- all photography copyright David Pickford / www.davidpickford.com: no reproduction on other media -
1. Introduction: giving and taking
Basic belay technique teaches us to stand in close to the climb, and lock off the belay device when the leader falls. This is sound advice for the vast majority of climbing situations, but there are very real instances where it is advisable, or even necessary to break this rule. Obvious examples are where the leader has only got runners up to half their height, where there is a risk of slamming into the surface, or where the runners are very poor and shock loading needs to be minimised.

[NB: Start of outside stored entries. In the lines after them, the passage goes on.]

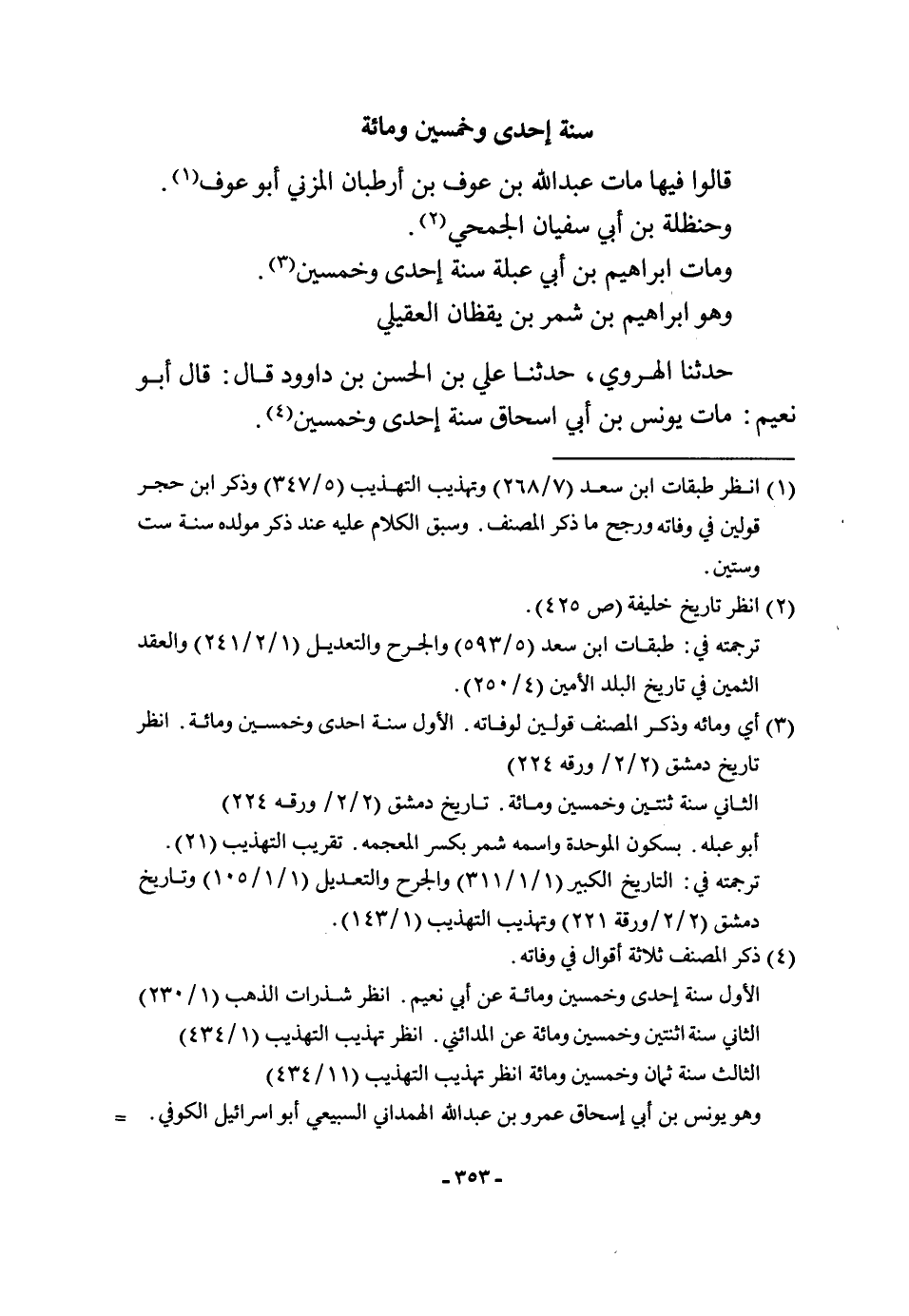 حَدثنَا الْهَرَوِيّ حَدثنَا عَليّ بن الْحسن بن دَاوُود قَالَ قَالَ أَبُو نعيم مَاتَ يُونُس بن أبي إِسْحَاق سنة إِحْدَى وَخمسين
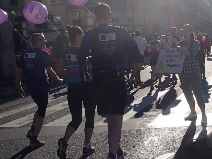 Rue de Rivoli 9.44 Uhr / Km 2,7 "Touch if you are a sexy runner". Ich lief auf der falschen Seite dran vorbei. Ein Jeder darf nun spekulieren, welche das war. |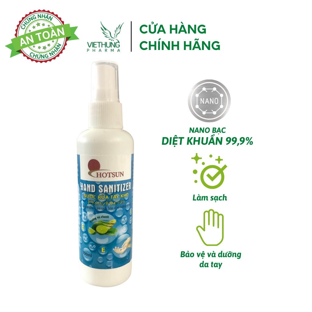 Sức Khỏe > Vật tư y tế > Dung dịch sát khuẩn tay > Nước Rửa Tay Khô Dạng Xịt Viehung Pharma, Xịt Rửa Tay Nano Bạc Giúp Diệt Khuẩn Tối Đa, Không Gây Khô Da, Chai Xịt 100 Ml

A classic sport climbing case-in-point where a 'soft' belay is essential: the precarious crux of the classic 'Keyboard Wall' (7c), Battleship Edge, Portland, UK. In this situation, if the belayer were to lock off the rope completely and not create any elasticity in the system, if the leader fell he would get (at best) a badly sprained ankle.
2. The advanced belay goal: absorbing the fall impact over the longest safe time
All effective fall-arrest technologies must do the same thing. Absorb the force of a fall over the optimum safe distance in the longest period of time. Just as it is intuitively obvious that a crash mat five meters thick will be more effective than one five centimeters thick, so we have to get our minds around applying the same logic to belaying. The goal of an advanced belayer is not just to stop a falling leader, but to use dynamic techniques to allow the rope to absorb the force over the longest possible period of time - just like the crash mat does: all things being equal, deeper crash pads are more effective because its takes a longer period of time for them to do their job.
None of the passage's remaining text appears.